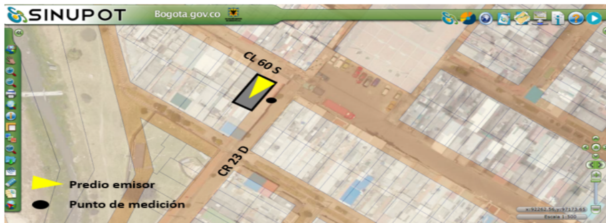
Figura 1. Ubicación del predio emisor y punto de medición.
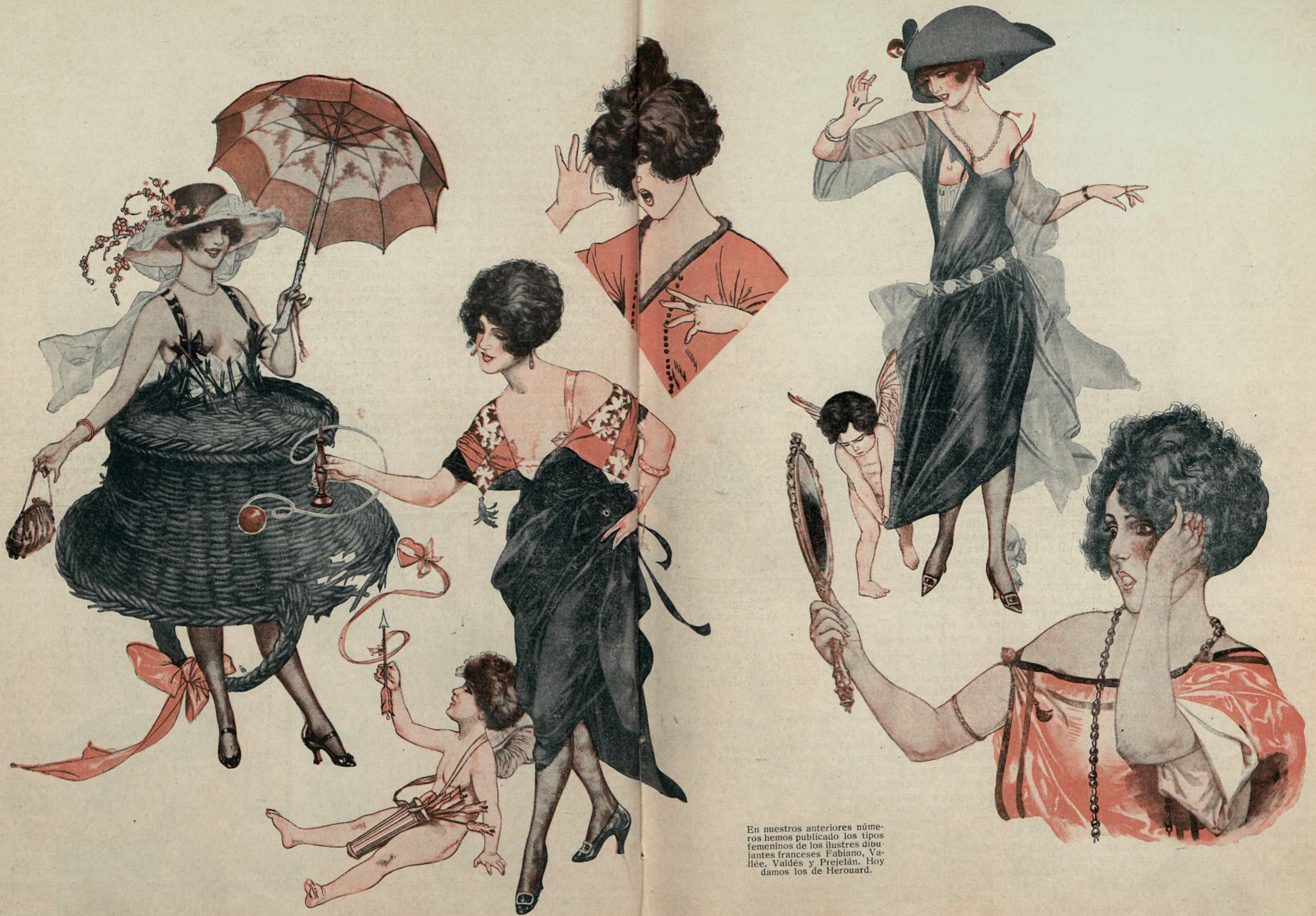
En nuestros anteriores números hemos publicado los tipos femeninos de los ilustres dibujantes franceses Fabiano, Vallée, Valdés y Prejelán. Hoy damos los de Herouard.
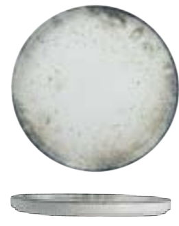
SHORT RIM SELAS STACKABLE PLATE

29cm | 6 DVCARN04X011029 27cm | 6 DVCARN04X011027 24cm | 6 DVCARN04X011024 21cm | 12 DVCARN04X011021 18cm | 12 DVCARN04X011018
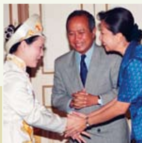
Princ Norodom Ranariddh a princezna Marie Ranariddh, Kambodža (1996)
■ ■ ■
WORK REQUIRED.
Hand back the exact lines from the start of the entries to the line with "SHORT RIM SELAS STACKABLE PLATE", both ends kept and pictures left out.

REPLY TO THE EXERCISE.
Figura 1. Ubicación del predio emisor y punto de medición.
En nuestros anteriores números hemos publicado los tipos femeninos de los ilustres dibujantes franceses Fabiano, Vallée, Valdés y Prejelán. Hoy damos los de Herouard.
SHORT RIM SELAS STACKABLE PLATE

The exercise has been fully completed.